Non dimentichiamo cos’è successo durante la rivoluzione francese dove veniva deciso che tutti dovevano bere lo stesso vino in quanto ognuno era uguale all’altro. Bisognerà attendere Napoleone III e gli intellettuali dell’800 per ritornare a produrre grandi vini, ognuno capace di raccontare le proprie caratteristiche.
Sorge quindi una prima domanda, quanti vini nel mondo restituiscono il gusto e la storia del luogo? Tutti i vigneti in Europa sono storici, Francia e Italia in primis, attraverso l’attenzione al clima, al suolo al terroir devono essere capaci di ispirare la viticoltura nel mondo. Una attenzione doverosa riposta ai vini del luogo, del proprio territorio, affinché abbiano un futuro legato alle loro diversità, servendosi anche della degustazione Geo-Sensoriale, che dovrà essere arricchita delle conoscenze attuali, concorrendo così alla difesa della cultura storica vitivinicola contro la logica dell’industria vinicola che mortifica i territori, generando sempre più prodotti lineari, banali ed uguali privi di memoria.
Come diceva Henry Jayer, il vino non nasce per esser annusato, è fatto per essere bevuto.
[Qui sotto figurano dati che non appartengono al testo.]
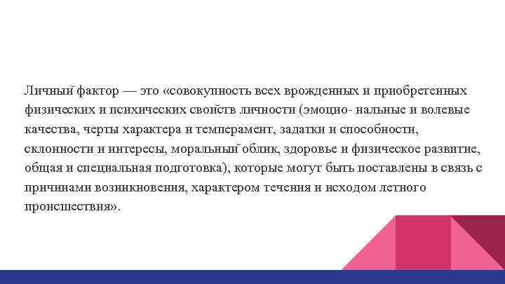 Личныи фактор — это «совокупность всех врожденных и приобретенных физических и психических свои ств личности (эмоцио- нальные и волевые качества, черты характера и темперамент, задатки и способности, склонности и интересы, моральныи облик, здоровье и физическое развитие, общая и специальная подготовка), которые могут быть поставлены в связь с причинами возникновения, характером течения и исходом летного происшествия» .

Degustare alla maniera dell’intenditore non squalifica l’analisi sensoriale, ma la riconduce alla sua storia e al suo ambito.
Un’altra domanda posta conduce alla tecnica gustativa, è opportuno approcciarsi al vino attraverso la tecnica dell’analisi sensoriale o tornare al tastevin, attraverso la degustazione geo-sensoriale.
La risposta è senza dubbio legata alla salvaguardia territoriale e dei suoi vitigni storici a fronte dell’industria vinicola, sapendo ben equilibrare le varie metodiche gustative capaci di portare avanti la conoscenza del territorio e del suo forte legame vitivinicolo con la consapevolezza che quando si parla di terroir si espongono i vini aventi una propria appartenenza territoriale nella quale confluiscono scelte produttive legate alla climatologia zonale, alle diversità di suolo, alle consuetudini di potatura, al metodo di raccolta, ai processi di vinificazione e alla maturazione in opportuni recipienti.
Come scriveva Robert Louis Stevenson, il vino è poesia in bottiglia e aggiungiamo, non tutti sanno recitare o decantare una poesia, occorre passione, conoscenza, in parole povere “amore per ciò che si fa”.